A husband or a wife might think that he/she owns her/his spouse. This is not true. Both remain equal human beings that are government by the contract they agreed on.

There are men who send their wives to their parent's houses. But this is impermissible, just as it is impermissible for them not to provide food, clothes, and health care for their wives. Wives too should not leave their houses just because they are angry. It is true that sometimes they might be hit or treated violently. And in such cases they are allowed to leave. But husbands are not allowed to throw them out; if they do, they still have to provide for them. If they do not then this right becomes a kind of debt. This is only just. Moreover, a woman is not allowed to hit her husband if he is weaker than her, and this is also based on the rule of equality in rights.

Allah has laid down the basis of the matrimonial relationship on two principles: keep (them) in good fellowship or let (them) go with kindness. Those who want to preserve their marriage ought to do so through good fellowship, giving each party his right, and those who want to terminate it, should do so in kindness and not through pressures and the like. This is the theme of justice that should regulate the marriage.
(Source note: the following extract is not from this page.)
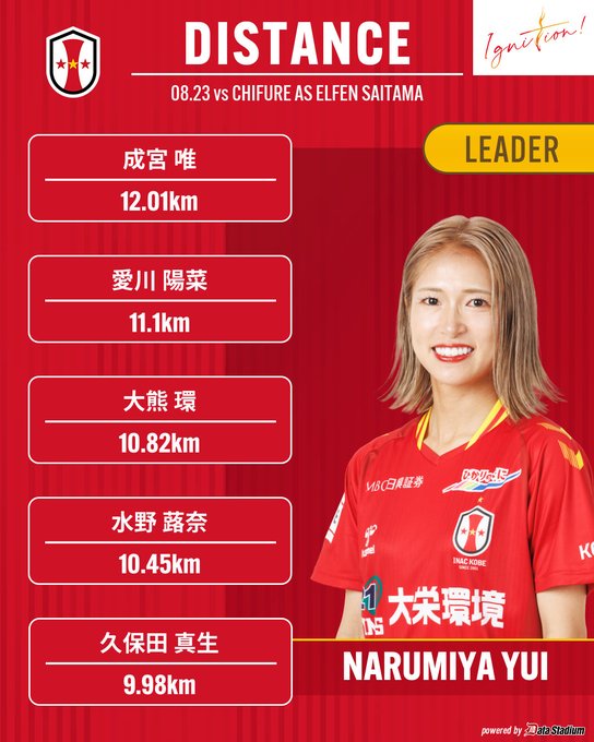|試合情報本日のEL埼玉戦のトラッキングデータランキングトップの走行距離を記録したのは#成宮唯選手#inackobe#INAC神戸#Ignition

Part of the kindness Allah calls for, is in the issue of housework which if stipulated in the marriage contract that the woman should undertake to do it then woman has to, but if not, then the woman has the choice. But usually when the man treats his wife kindly and lovingly the woman would gladly do the housework but when he hits or curses her or her family then how could she serve him. Marriage is an institute that serves the future and the society. Thus, whoever wants to marry, be it a man or a woman, should do so as a human being.